--- Supplied information Enclosed Below ---

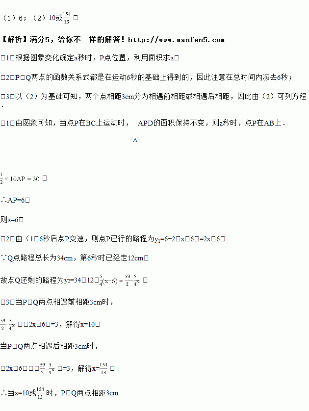 cm(P、Q两点速度改变后一直保持此速度,直到停止),如图2是△APD的面积s(cm2)和运动时间x(秒)的图象.
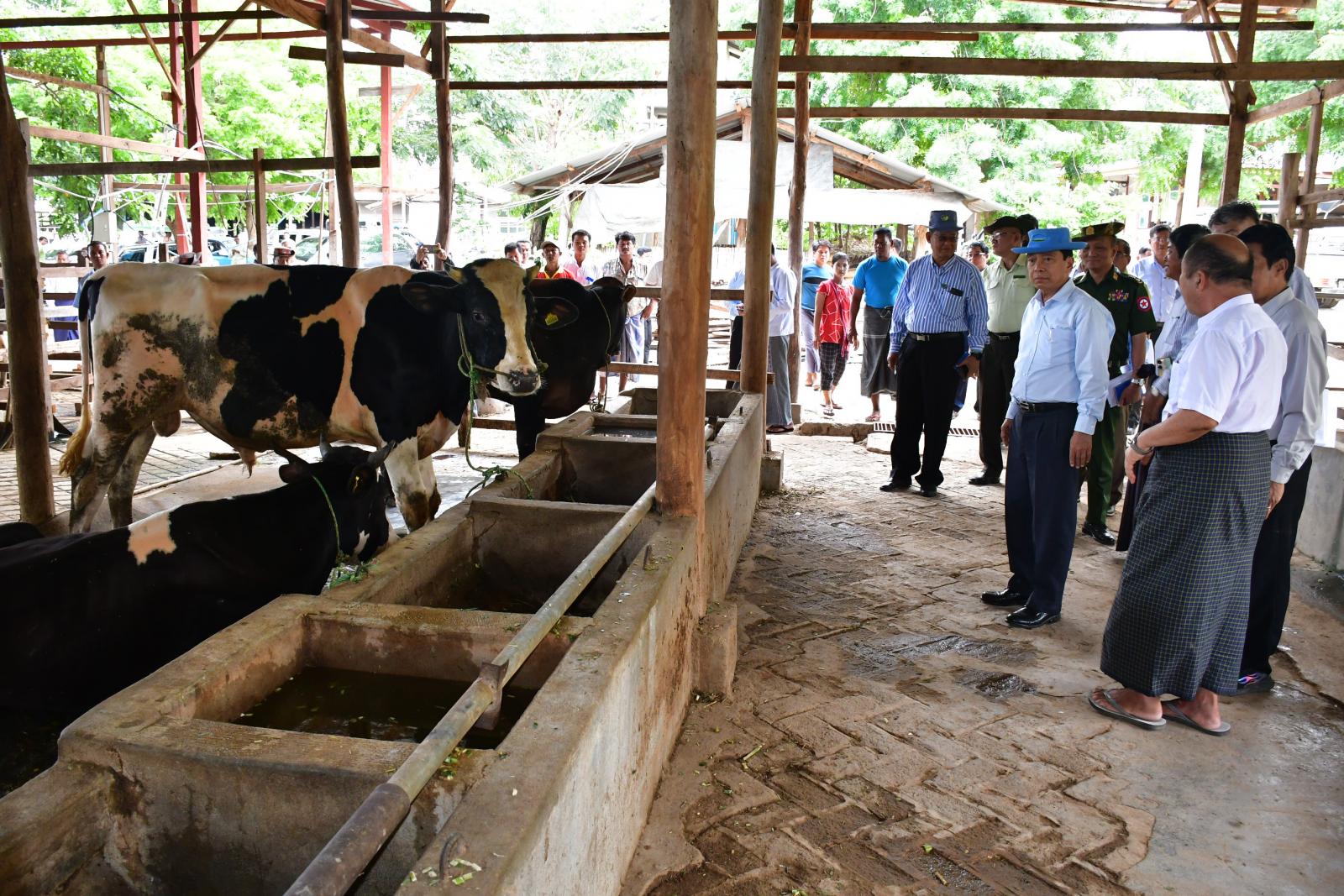 ထို့နောက် နေပြည်တော်မွေးမြူရေးနှင့်ကုသရေးဦးစီးဌာနမှ တိုင်းဦးစီးမှူးက ကံကြီးမွေးမြူရေးဇုန်တွင် မွေးမြူရေးလုပ်ငန်းများ ဆောင်ရွက်ထားရှိမှုအခြေအနေနှင့် ဆက်လက်မွေးမြူမည့် အခြေအနေများကိုလည်ကောင်း၊ မွေးမြူရေးလုပ်ငန်းရှင်များက လက်ရှိနို့စားနွားများ မွေးမြူထားရှိမှုအခြေအနေများ၊ ဆက်လက်တိုးချဲ့မွေးမြူမည့် လုပ်ငန်းစဉ်များကိုလည်းကောင်း ရှင်းလင်းတင်ပြကြရာ နေပြည်တော်ကောင်စီဥက္ကဋ္ဌ ဦးသန်းထွန်းဦးက လိုအပ်သည်များကို ပေါင်းစပ်ဆောင်ရွက်ပေးပြီး (ဖန်ဟွ)နို့စားနွားမွေးမြူရေးခြံတွင် နိုးစားနွားများမွေးမြူထားရှိမှု အခြေအနေများကို လှည့်လည်ကြည့်ရှုအားပေးသည်။
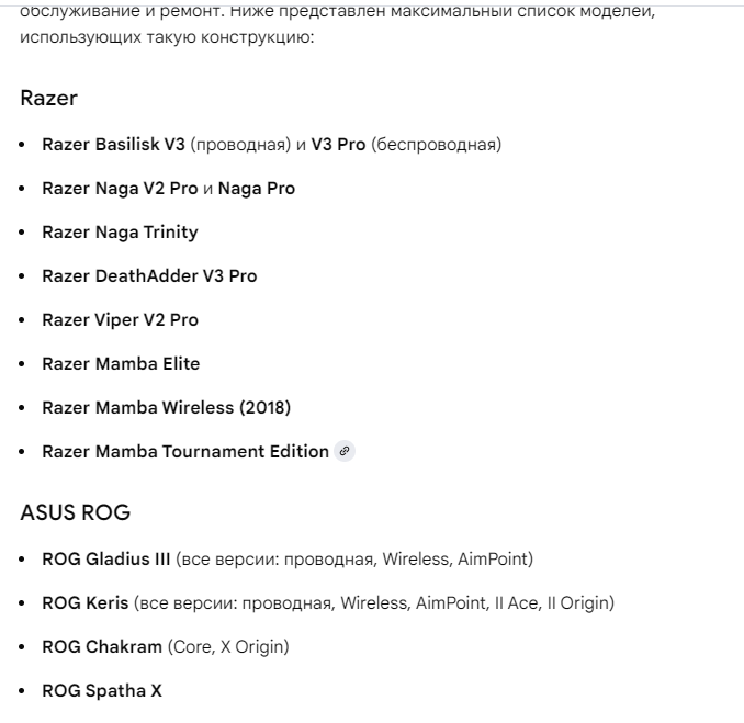 и вообще берем покупаем Razer DeathAdder V2 за тыщу на авито и что? 20к dpi 1к опрос 50g ускорение, всего этого за глаза, микрики оптика хуй сломаешь 70м кликов, ножки 100% тефлон а кабель гибкий в оплетке Razer Speedflex и это компенсирует что она не безпроводная, зато никаких заебов нету с тем что может отрыгнуь донгл, аккум, что нужно втыкать заряжать и все такое ---- или вообще пушка - ASUS ROG Gladius III похожая по спекам мыша, тоже 25к dpi 1к опрос 50g ускорение, тожки тефлон, гибкий кабель в оплетке НО помимо этого еще и быстросьемные микрики, и еще и вдобавок быстросьемный энкодер, и вообще она заточена под то чтобы ее легко разбирать было (сравни мыши ложитека которые хуй разберешь и соберешь потом), кабель тоже на изи меняется по этой причине единственный минус несколько всратоватый дизайн
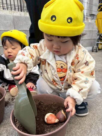 購入した球根を受けとると、表情も誇らしそうですね!保育園に帰園するといろんなクラスの先生に「見て見て~」と嬉しそうに自慢していたそうですよ😊

--- End of Enclosed Supplied information ---

Exercise aim
Would it be possible to copy the material exactly, excluding the images?

Answer below
 cm(P、Q两点速度改变后一直保持此速度,直到停止),如图2是△APD的面积s(cm2)和运动时间x(秒)的图象.
 ထို့နောက် နေပြည်တော်မွေးမြူရေးနှင့်ကုသရေးဦးစီးဌာနမှ တိုင်းဦးစီးမှူးက ကံကြီးမွေးမြူရေးဇုန်တွင် မွေးမြူရေးလုပ်ငန်းများ ဆောင်ရွက်ထားရှိမှုအခြေအနေနှင့် ဆက်လက်မွေးမြူမည့် အခြေအနေများကိုလည်ကောင်း၊ မွေးမြူရေးလုပ်ငန်းရှင်များက လက်ရှိနို့စားနွားများ မွေးမြူထားရှိမှုအခြေအနေများ၊ ဆက်လက်တိုးချဲ့မွေးမြူမည့် လုပ်ငန်းစဉ်များကိုလည်းကောင်း ရှင်းလင်းတင်ပြကြရာ နေပြည်တော်ကောင်စီဥက္ကဋ္ဌ ဦးသန်းထွန်းဦးက လိုအပ်သည်များကို ပေါင်းစပ်ဆောင်ရွက်ပေးပြီး (ဖန်ဟွ)နို့စားနွားမွေးမြူရေးခြံတွင် နိုးစားနွားများမွေးမြူထားရှိမှု အခြေအနေများကို လှည့်လည်ကြည့်ရှုအားပေးသည်။
 и вообще берем покупаем Razer DeathAdder V2 за тыщу на авито и что? 20к dpi 1к опрос 50g ускорение, всего этого за глаза, микрики оптика хуй сломаешь 70м кликов, ножки 100% тефлон а кабель гибкий в оплетке Razer Speedflex и это компенсирует что она не безпроводная, зато никаких заебов нету с тем что может отрыгнуь донгл, аккум, что нужно втыкать заряжать и все такое ---- или вообще пушка - ASUS ROG Gladius III похожая по спекам мыша, тоже 25к dpi 1к опрос 50g ускорение, тожки тефлон, гибкий кабель в оплетке НО помимо этого еще и быстросьемные микрики, и еще и вдобавок быстросьемный энкодер, и вообще она заточена под то чтобы ее легко разбирать было (сравни мыши ложитека которые хуй разберешь и соберешь потом), кабель тоже на изи меняется по этой причине единственный минус несколько всратоватый дизайн
 購入した球根を受けとると、表情も誇らしそうですね!保育園に帰園するといろんなクラスの先生に「見て見て~」と嬉しそうに自慢していたそうですよ😊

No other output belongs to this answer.